17 thoughts on “Nothing is Everything – Simon Strantzas”

  1. IN THE TWILIGHT
    “A bus that’s twenty minutes late is a bus that’s not coming.”
    Harriet Myers, a bit of a loner at university, wary of noisy parties, goes home for the weekend, trying the bus service from the bus station as a new means for such travel. With her oboe in a case. Beyond twilight; more night, I’d say, judging by the scarcity of other travellers, except Charlie Hand who starts talking to her, waking up, as he does, from sleeping in the bus station. A philosophical trip about darkness and light pollution, it turns out. A theme and variations, I guess, on this whole book’s title … as a concerto for oboe and orchestra? I could hear the music in my head. Somehow the words of conversation between them magicked up more than they said. Harriet’s fear of being stalked by this man onto her bus homeward is slowly assuaged… And Harriet’s core backstory that had been nagging at me at some unconscious level is revealed. I had never connected moose and music, before now… A provocative story that is still resonating with me. It’s never too late.
    “Until I opened my eyes and found myself reassembled.”

  2. OUR TOWN’S TALENT
    “, but we agree it’s beautiful, filled with sweeping woodwinds.”
    Taking up where the oboe left off…another music beyond the music. Memories of childhood, old phonographs, lost loves…
    An engaging first person plural narrative of a school’s talent show for their children, a regular event run by a rather downbeat teacher with an unknown nature of relationship with his own wife. Unknown, that is, to the narrative of the town’s wives who narrate this story, or one of them narrates it on all their behalves, one of them as specifically named by the end.
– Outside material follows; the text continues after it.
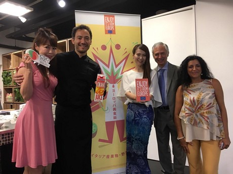 Desde la derecha: Sara Grasso y Salvo Laudani, de Oranfrizer, durante la reciente visita de la compañía a Japón
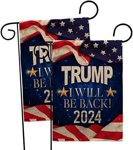 Trump Flag Will Be Back 2024 Burlap Garden Flag 2pcs Pack Patriotic Vote Preside

A telling portrait of such a township’s social politics. One wife, not really part of the universal ‘we’ of wives, her being a newcomer, arranges a second talent show, having had her nose put out of joint by the previous talent show, a second one, that is, to showcase her own son and the other children. Their acts are now more accomplished, and sometimes genuinely chilling. Then a third show transpires, for the wives alone. This story defies gravity, as it were, with again a music one hears that wasn’t there before. Like their names are said to become something else, something more. “The gift of connection.” A Gestalt of sisterhood, perhaps, with strengthened bonds. Made me feel transcendent, too, as a connector, as I hope it did other readers. We all have that talent, now. An agape.
    A song beyond all else, one boy not able to hold his mouth shut as the song is emitted, this music beyond music. “Our jaws remain agape as we wonder who will take the stage next,….”

  3. THESE LAST EMBERS
    “The pattern of flames on the walls looked like wings, spread outward from the depths of the hall.”
    …residual evidence of flames, after the fire had gone out. For me, a story less connective to my own mind’s expected path in this book than the previous two, but who knows it may be leading to other paths, different paths, ‘bled forth’ in the same way as Samantha’s own path back to her childhood home whence she left years before to gain life’s freedom, away from her parents and her soulmate twin Lemule, whom she had thus abandoned. The results reminded me of a magnified CS Lewis portal and the forests beyond where….magnified as a different Lemuel once seemed relatively magnified? Another Houdini trick…? No, I shall put this on the back-burner of my mind, instead of revealing more, with the chance that it will fit into a pattern of paths in this book I cannot yet predict.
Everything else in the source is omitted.